**What is being asked:** Make an exact copy of the whole listing, but leave its pictures out.

**Dataset extract:**
————

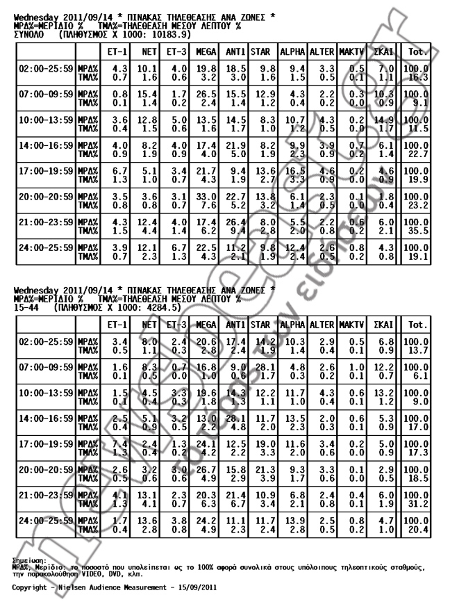 Δείτε πώς διαμορφώθηκε το τηλεοπτικό τοπίο των αγαπημένων σας προγραμμάτων την Τετάρτη 14 Σεπτεμβρίου.
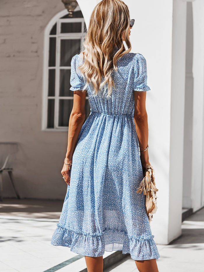 Dance the night away under the stars in the Lilacoo Maxi Dress. The dress features small dots floral print on sheer woven chiffon, creating a playful and romantic vibe. The V-neckline and double-ruffled short sleeves add a touch of elegance to the dress, while the alluring open back is accented with a tying detail and smocking for a perfect fit. The set-in waist is accented with a decorative placket of covered buttons, creating a flattering silhouette, and tops a full A-line maxi skirt with twirly tiers and a sultry side slit, making it perfect for twirling on the dance floor. Get ready to enchant with this charming dress.
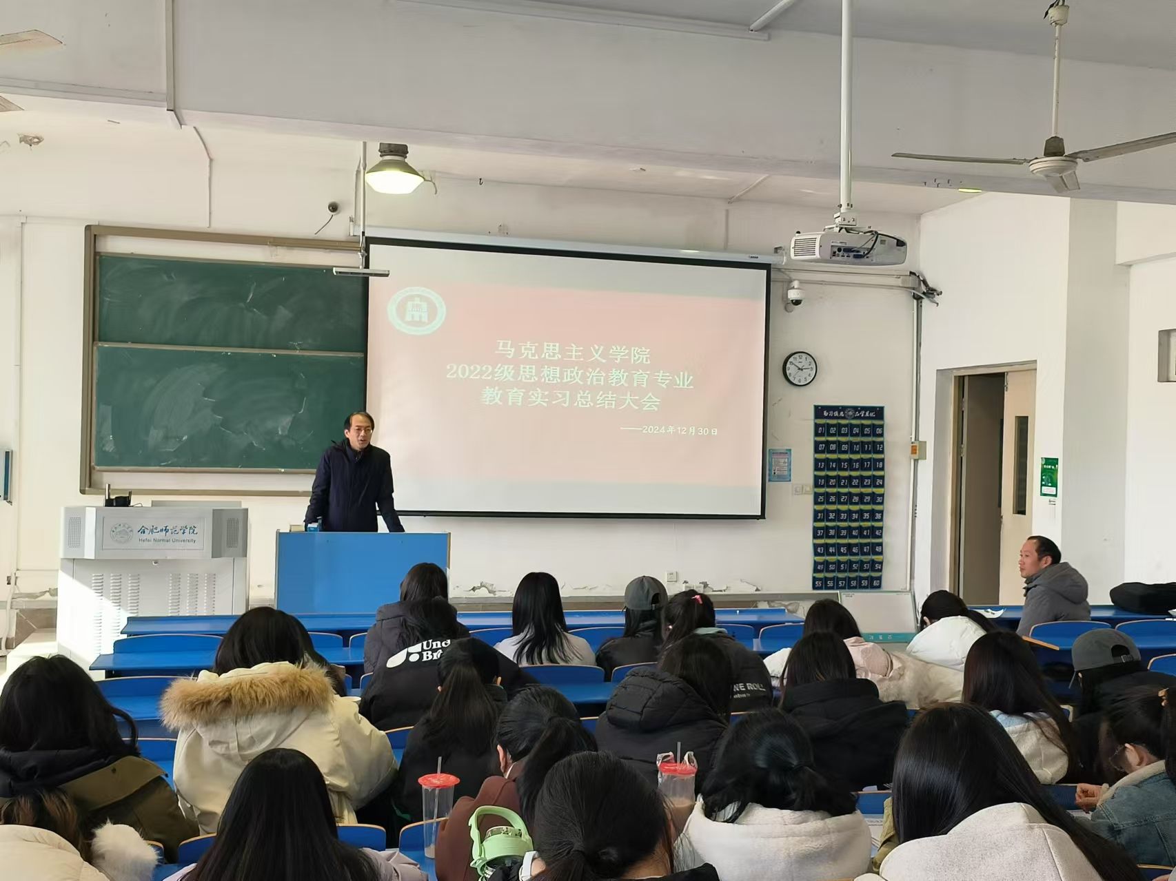 12月30日上午,亚洲视频一区二区2022级思想政治教育专业教育实习总结大会在逸夫楼A105教室举行。副院长方政以及2022级思想政治教育专业全体学生参加了本次会议。会议由实践教学部主任魏兵主持。

————

**Solution to this exercise:**
 Δείτε πώς διαμορφώθηκε το τηλεοπτικό τοπίο των αγαπημένων σας προγραμμάτων την Τετάρτη 14 Σεπτεμβρίου.
 Dance the night away under the stars in the Lilacoo Maxi Dress. The dress features small dots floral print on sheer woven chiffon, creating a playful and romantic vibe. The V-neckline and double-ruffled short sleeves add a touch of elegance to the dress, while the alluring open back is accented with a tying detail and smocking for a perfect fit. The set-in waist is accented with a decorative placket of covered buttons, creating a flattering silhouette, and tops a full A-line maxi skirt with twirly tiers and a sultry side slit, making it perfect for twirling on the dance floor. Get ready to enchant with this charming dress.
 12月30日上午,亚洲视频一区二区2022级思想政治教育专业教育实习总结大会在逸夫楼A105教室举行。副院长方政以及2022级思想政治教育专业全体学生参加了本次会议。会议由实践教学部主任魏兵主持。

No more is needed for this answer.